### RECORD EXTRACTS

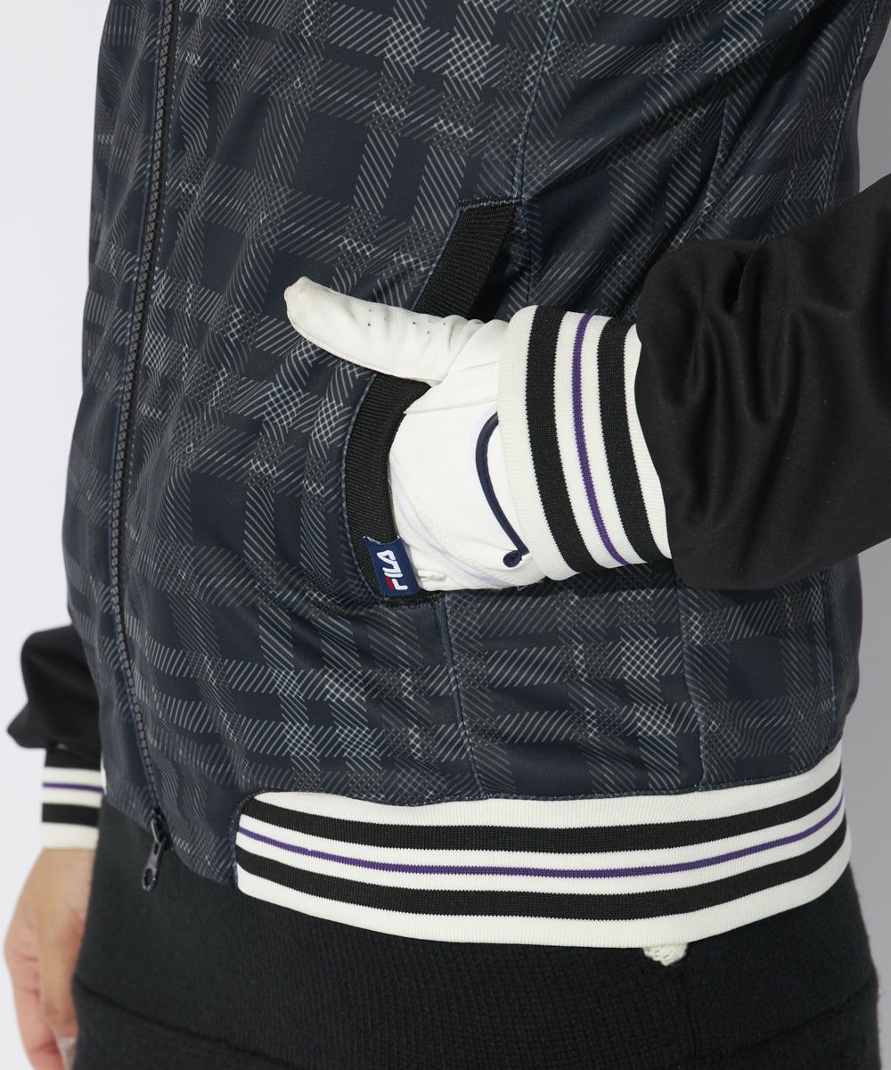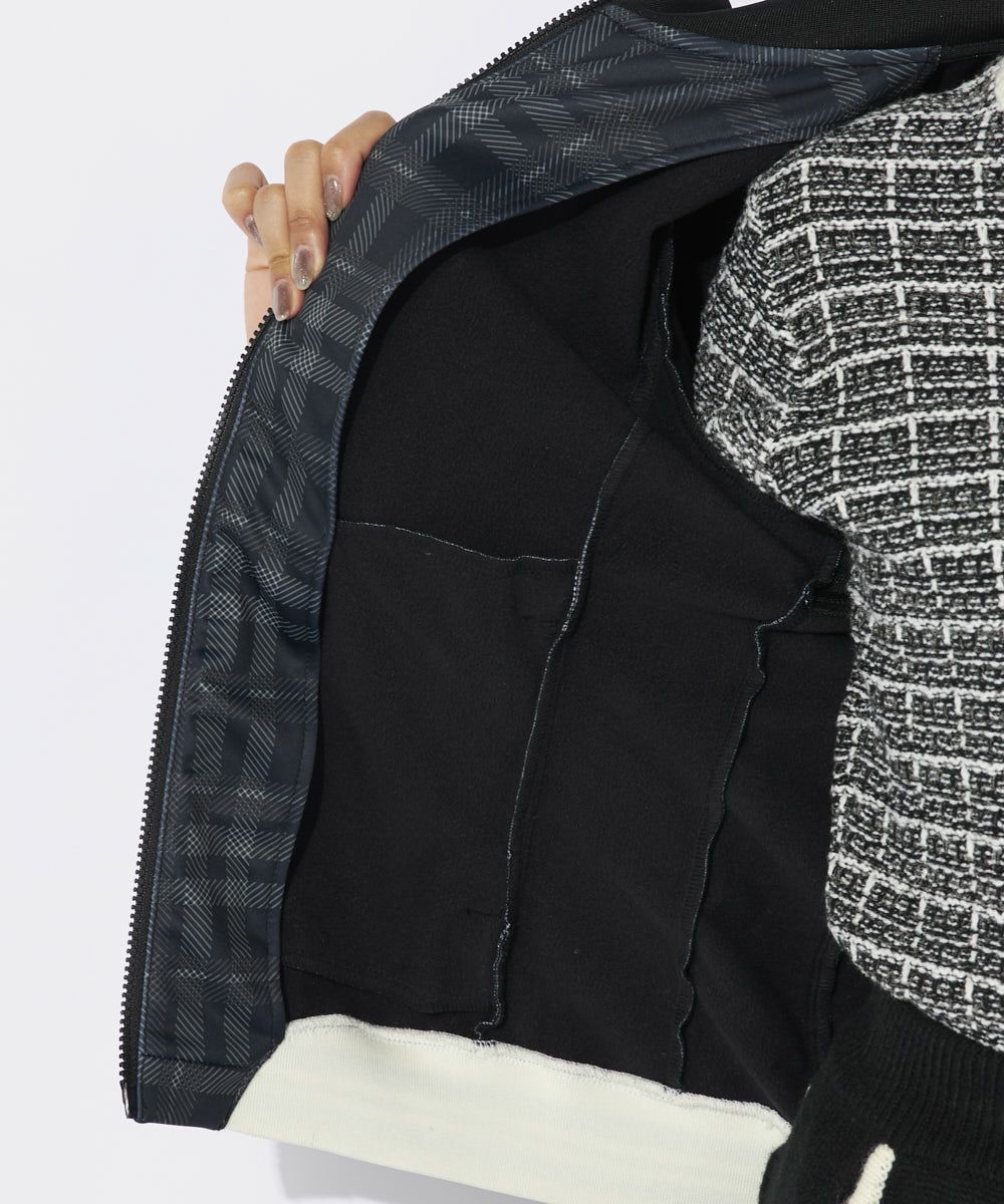袖は無地、身頃にはチェック柄をいれたボンディング素材のジャケット。極薄ニット素材とフリースの間に防風フィルムを挟んだ機能性の高いボンディング素材を使用。
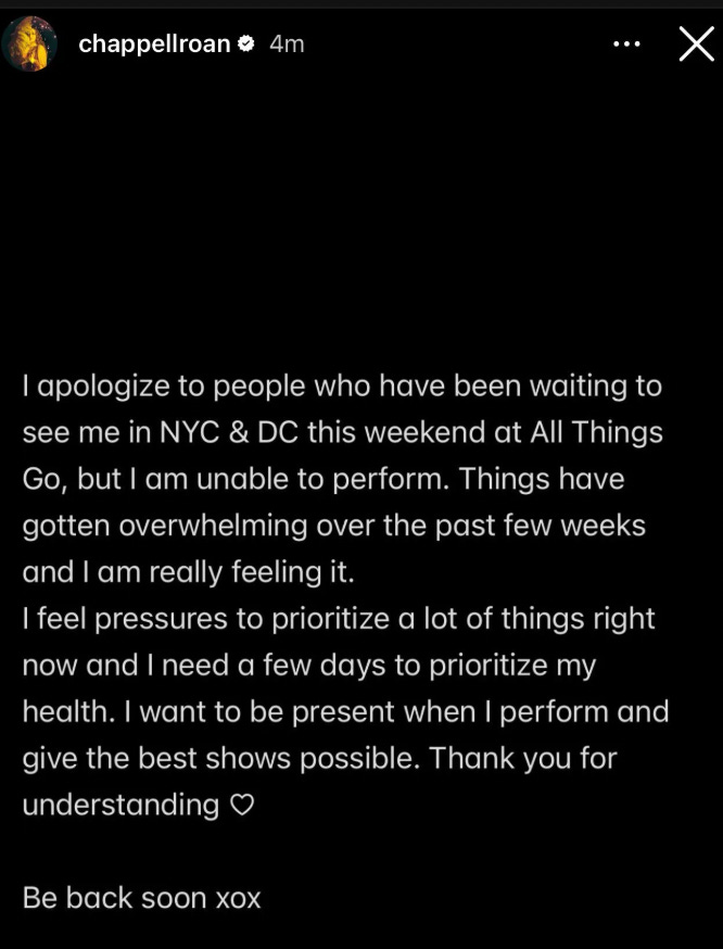 Chappell Roan’s late September Tuesday internet spectacle became a sudden Friday cancellation of her and her band from their set for the Saturday festival, all in one week. Mid-flight, train departure, or hotel check-in, thousands looked at an Instagram message of her canceling her appearance due to her mental health. With less than 24-hour notice, there was even a heart emoji for the urgency. At the same time, the $400 ticket prices fell to $40-50 for access to the two-day weekend.
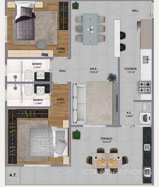 2 dormitórios (1 suíte)
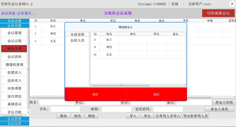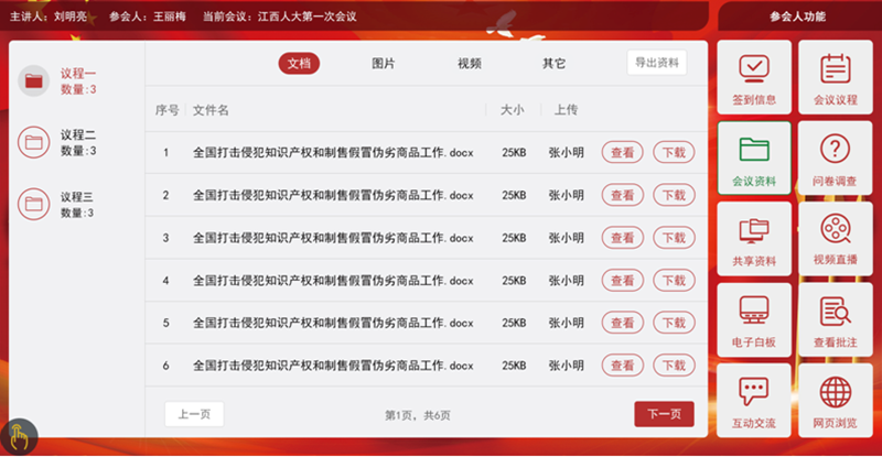 1.會前準(zhǔn)備:會前準(zhǔn)備包含會議室預(yù)約及管理,同時對確定的會議室設(shè)備進(jìn)行開會前資料上傳,席位的準(zhǔn)備及參會人員名字的錄入等。
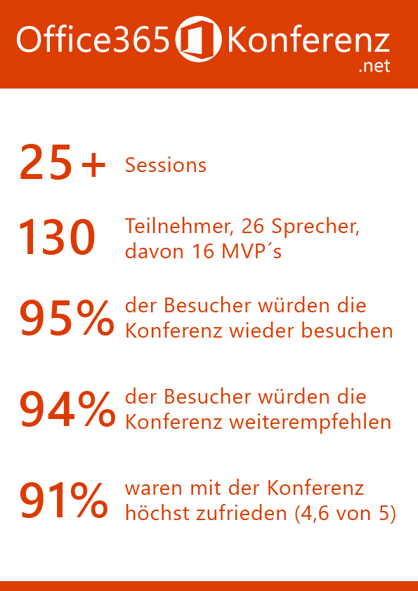 Nochmals Vielen Dank an alle Beteiligten, an die Organisatoren, die Sponsoren, die Sprecher und natürlich an alle unsere Teilnehmer, die die Office 365 Konferenz besucht haben, mitdiskutiert und zu einem tollen Event gemacht haben!
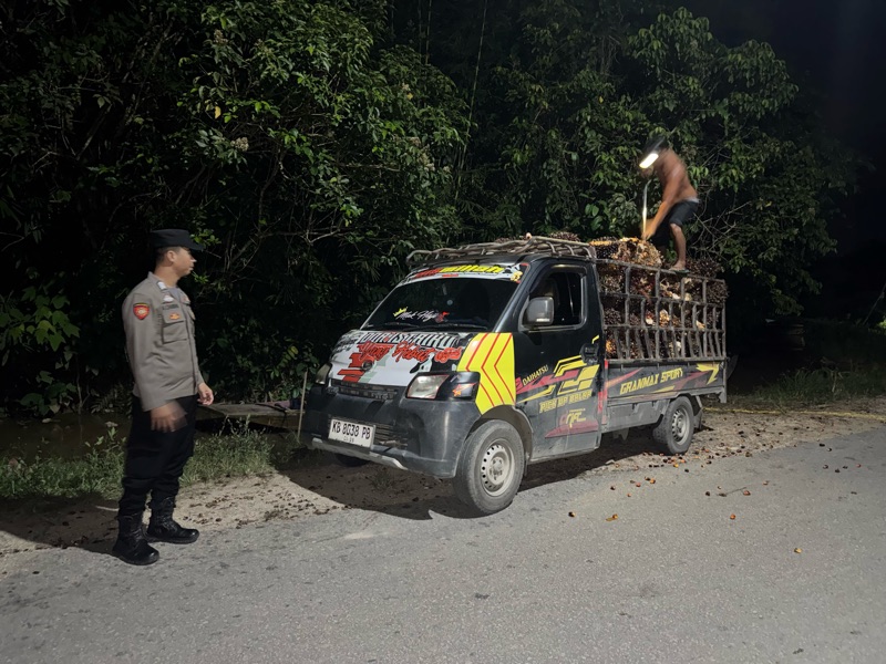 **SAJAD** – Personel Piket Polsek Sajad melaksanakan kegiatan patroli dialogis dan pemberian imbauan kepada para pengemudi angkutan buah sawit di wilayah hukum Polsek Sajad, Senin (20/4/2026) malam.

######

» **EXERCISE INSTRUCTIONS**
The answer is the complete set of records, copied exactly, with pictures omitted.

» **PROBLEM SOLUTION**
袖は無地、身頃にはチェック柄をいれたボンディング素材のジャケット。極薄ニット素材とフリースの間に防風フィルムを挟んだ機能性の高いボンディング素材を使用。
 Chappell Roan’s late September Tuesday internet spectacle became a sudden Friday cancellation of her and her band from their set for the Saturday festival, all in one week. Mid-flight, train departure, or hotel check-in, thousands looked at an Instagram message of her canceling her appearance due to her mental health. With less than 24-hour notice, there was even a heart emoji for the urgency. At the same time, the $400 ticket prices fell to $40-50 for access to the two-day weekend.
 2 dormitórios (1 suíte)
 1.會前準(zhǔn)備:會前準(zhǔn)備包含會議室預(yù)約及管理,同時對確定的會議室設(shè)備進(jìn)行開會前資料上傳,席位的準(zhǔn)備及參會人員名字的錄入等。
 Nochmals Vielen Dank an alle Beteiligten, an die Organisatoren, die Sponsoren, die Sprecher und natürlich an alle unsere Teilnehmer, die die Office 365 Konferenz besucht haben, mitdiskutiert und zu einem tollen Event gemacht haben!
 **SAJAD** – Personel Piket Polsek Sajad melaksanakan kegiatan patroli dialogis dan pemberian imbauan kepada para pengemudi angkutan buah sawit di wilayah hukum Polsek Sajad, Senin (20/4/2026) malam.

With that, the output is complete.